BTW what does your neighbour store?:na: |
Quote:
|
Glad all is well in the Jerry Home front, luckly you were home to spare yourself a lot of anguish and cleanup by catching the water as it came in.
|
Stay dry Jerry. I have a question.....if the flooding is that bad, how in the heck do you still have electricity to be online??? Must have better infrastructure for utilities than here stateside.
|
damn hope all is well over there!!!
|
Jerry, glad to hear you stopped the water
A friend has a steep slope into his house with a drain before the door. Needless to say the drain is occasionally unable to keep up with rainfall in storms. He installed a 12V bilge pump (with an internal float switch) into the drain that pumps water a few feet below the height of the door...he's even used a 3S pack to run the pump |
Wow Jerry, glad to hear things turned out ok. Mother Nature sure is beating up the earth lately!

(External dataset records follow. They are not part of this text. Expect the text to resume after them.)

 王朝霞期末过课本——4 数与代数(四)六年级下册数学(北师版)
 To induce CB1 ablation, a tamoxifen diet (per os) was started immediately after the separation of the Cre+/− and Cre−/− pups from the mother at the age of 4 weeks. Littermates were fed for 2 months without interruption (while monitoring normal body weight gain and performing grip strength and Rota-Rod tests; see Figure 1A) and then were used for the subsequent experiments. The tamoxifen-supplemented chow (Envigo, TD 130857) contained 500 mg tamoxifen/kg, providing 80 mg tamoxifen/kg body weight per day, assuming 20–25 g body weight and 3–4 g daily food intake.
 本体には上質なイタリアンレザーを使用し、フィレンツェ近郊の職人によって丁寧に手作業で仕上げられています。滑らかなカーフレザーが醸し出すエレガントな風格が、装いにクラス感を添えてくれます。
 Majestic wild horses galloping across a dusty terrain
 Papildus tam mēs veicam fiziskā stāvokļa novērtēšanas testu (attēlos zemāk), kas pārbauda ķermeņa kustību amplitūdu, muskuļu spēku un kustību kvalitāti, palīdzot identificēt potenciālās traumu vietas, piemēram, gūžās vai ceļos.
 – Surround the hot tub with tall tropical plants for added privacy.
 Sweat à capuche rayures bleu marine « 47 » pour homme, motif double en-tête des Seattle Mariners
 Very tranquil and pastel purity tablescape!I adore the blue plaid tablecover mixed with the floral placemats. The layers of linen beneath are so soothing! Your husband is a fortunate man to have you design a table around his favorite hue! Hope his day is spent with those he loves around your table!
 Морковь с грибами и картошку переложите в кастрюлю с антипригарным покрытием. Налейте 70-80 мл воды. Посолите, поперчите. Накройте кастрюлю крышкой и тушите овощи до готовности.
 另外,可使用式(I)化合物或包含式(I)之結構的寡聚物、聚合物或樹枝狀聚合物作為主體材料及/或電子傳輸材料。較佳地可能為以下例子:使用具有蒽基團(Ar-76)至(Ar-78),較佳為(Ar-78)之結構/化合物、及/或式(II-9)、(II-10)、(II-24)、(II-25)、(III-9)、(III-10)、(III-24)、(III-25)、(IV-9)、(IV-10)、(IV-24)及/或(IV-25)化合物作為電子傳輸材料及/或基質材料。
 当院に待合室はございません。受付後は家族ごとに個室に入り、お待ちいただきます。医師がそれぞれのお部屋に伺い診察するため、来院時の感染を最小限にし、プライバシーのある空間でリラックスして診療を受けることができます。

PBO: When I was having flooding, I was thinking about getting a 12v sump pump in case power is lost, but then thought that it most likely uses motor brushes, and probably won't last a whole long time. AC pumps are way more reliable (reliability is a big concern in this instance), so I thought about using a regular AC unit powered by an inverter. The AC pump would be powered via the inverter/battery directly, with AC mains (when present) running the pump and charging the battery. The charger would need to auto-select between high current "run mode" and float charge. Of course, a couple of large marine batteries in parallel would be needed for any kind of decent runtime, but better than nothing. A 1/2HP (560w) sump would pull around 50A @ 12v from the battery (factoring in some efficiency losses of the inverter), depending on vertical and distance pump load. Two marine 100Ah batteries would be able to last over 4 hours, more if the pump is actually pulling less current. |
Quote:
We use 2-pole induction motor, single phase pumps (0.50KW - I think) to empty collection pits & general pumping in our boatyards. These things are great & have run continuosly for weeks on end keeping boats afloat. They have a 50mm (2") discharge & move a lot of water (& slurry from our collection pits)...power is of course constant during this process I imagine there aren't enough swear words available when the power goes during a flood though, that must truly suck! |
Glad to hear all is well Jerry.
|
Thank you
Thanks everyone for the kind words. Actually we did not lose power this time. We live on an elevated hill which keeps us somewhat safe. The problem here is that the US Army Core of Engineers in their brilliant thinking sealed off one of our storm drains diverting flow so they can work on something else within Army housing, causing our housing(US Embassy) to receive all of the storm flows through our yards. IDIOTS. I was pissed that this happened and I have let our senior staff know it last night. We have had to suffer in some ways, because we live on their base, but this kind of crap is moronic and now everyone knows it.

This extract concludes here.